I get a DataFrame contians Tuple(String, org.apache.spark.ml.regression.LinearRegressionModel)
:
val result = rows.map(row => {
val userid = row.getString(0)
val frame = filterByUserId(userid ,dataFrame)
(userid, lr.fit(frame, "topicDistribution", "s"))
}).toDF()
When I use foreach
function, I get this error.
result.foreach(row => {
val model = row.getAs[LinearRegressionModel](1)
val userid = row.getString(0)
model.save(SocialTextTest.userModelPath + userid)
})
Exception in thread "main" java.lang.UnsupportedOperationException:
No Encoder found for org.apache.spark.ml.regression.LinearRegressionModel
- field (class: "org.apache.spark.ml.regression.LinearRegressionModel", name: "_2")

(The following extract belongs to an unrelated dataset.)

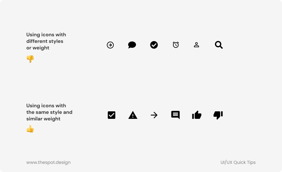 Choose one style of icons and stick to it. For example, you can choose to use outlined icons, or filled icons, but it's best to stick to that one style throughout your design.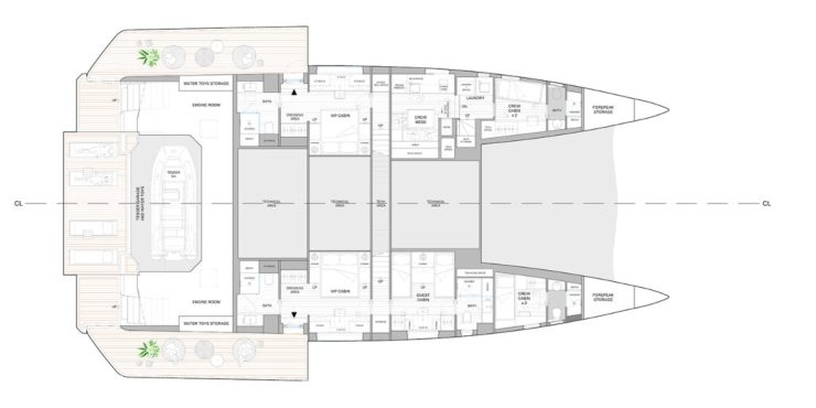 - Lower deck: 4 cabine ospiti con bagni en-suite, accessi indipendenti e connessioni dirette al mare per le VIP laterali grazie ai bulwark abbattibili.

- root class: "scala.Tuple2"
Should I write a Encoder by myself?
The issue is for a reason.
The code simply does not make much sense once you get the gist of what Dataset data abstraction really is and the purpose of Encoders.
In essence, prepare your dataset first (as a collection of transformations on Dataset) and only when the dataset is ready train a model (aka fit a model). The model will then be outside the realm of Dataset and you won't see the exception.
The reason the exception happens when you call
foreach
is that that's when you trigger a computation and Spark tries to execute the code.Oh, no. Rewrite the code following the guide at Machine Learning Library (MLlib) Guide and reviewing some examples to learn how to use the API.